In New York City, the city’s oldest non-profit housing developer, Phipps Houses, is engaged in reimagining and densifying Forest Hills Houses in Queens. Completed in 1975, this three-building, tower-in-the-park development houses 430 families. Phipps is redeveloping the site by adding three more multi-family residential buildings, consolidating parking, and creating more focused outdoor space. The result is 442 affordable units in modern, energy-efficient buildings, on-site medical offices, an expanded community center, and a spacious, well-developed central green space. The existing buildings will be refurbished after this project is complete. Critically, no residents will be displaced.
2. Transportation for Economic Justice
There is an inverse relationship between income level and commute times: the lower, the longer. Federal intervention to support transit systems straining from the pandemic is a baseline. Now is the time to increase subway, bus, and light rail service to underserved neighborhoods. It is a lesson that needs relearning: robust and extensive mass transit systems promote access to housing, education, employment, healthcare, and the richness of a city’s culture for all.

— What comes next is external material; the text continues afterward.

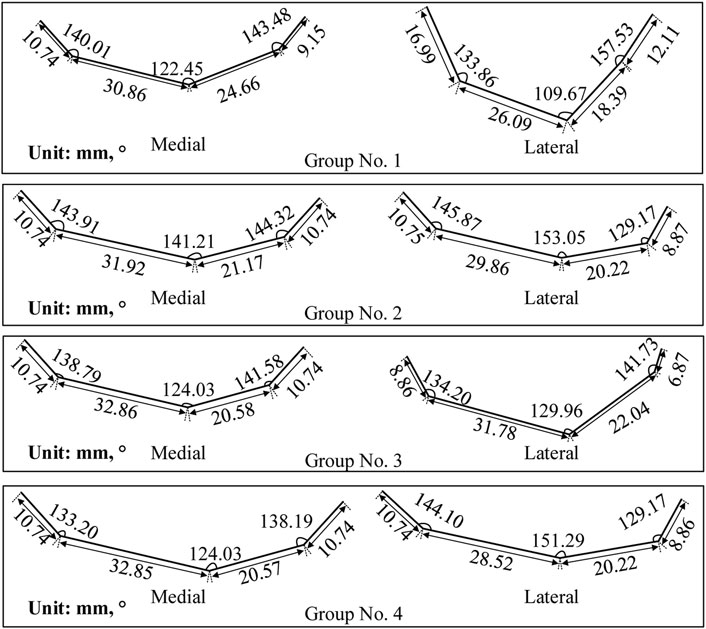 Similarly, for the lateral bionic hand-inspired structure, the finger contour lines, from outside to inside, are the index finger contour (j = 1), middle finger contour (j = 2), ring finger contour (j = 3), and little finger contour (j = 4). The key points for constructing each finger contour of the lateral bionic hand-inspired structure are the starting point Cj, first-level key point Qj1, second-level key point Qj2, third-level key point Qj3, and final point Dj. Qj1 is positioned at the same height as Lhigh, the highest point of the lateral femoral condyle, and extends along the positive direction of the coronal axis. The distance between Qj1 and Llateral is denoted as Hjl1. Qj2 is situated at the same height as Lmedial, the highest point of the lateral femoral condyle, and extends along the positive direction of the coronal axis, with the distance between Qj2 and Lmedial denoted as Hjl2. Qj3 is located at the same height as Llow, the most lateral point of the lateral femoral condyle, and extends along the positive direction of the coronal axis, with the distance between Qj3 and Lmedial recorded as Hjl3. The distances Hjl1, Hjl2, and Hjl3 are calculated using Equation 2.

Many North American cities have existing rail rights-of-way that can cost-effectively and quickly be imaginatively restored. In New York, the Regional Plan Association has proposed the Triboro Line, which utilizes 24 miles of abandoned railway tracks stretching from Sunset Park in Brooklyn to Co-op City in the Bronx. Planned for both passengers and freight, it has the potential to become a vital part of the urban transit system for 100,000 daily riders, a catalyst for economic growth, and a string of new recreational spaces. All of this in swaths of diverse neighborhoods beyond Manhattan that have seen persistent underinvestment.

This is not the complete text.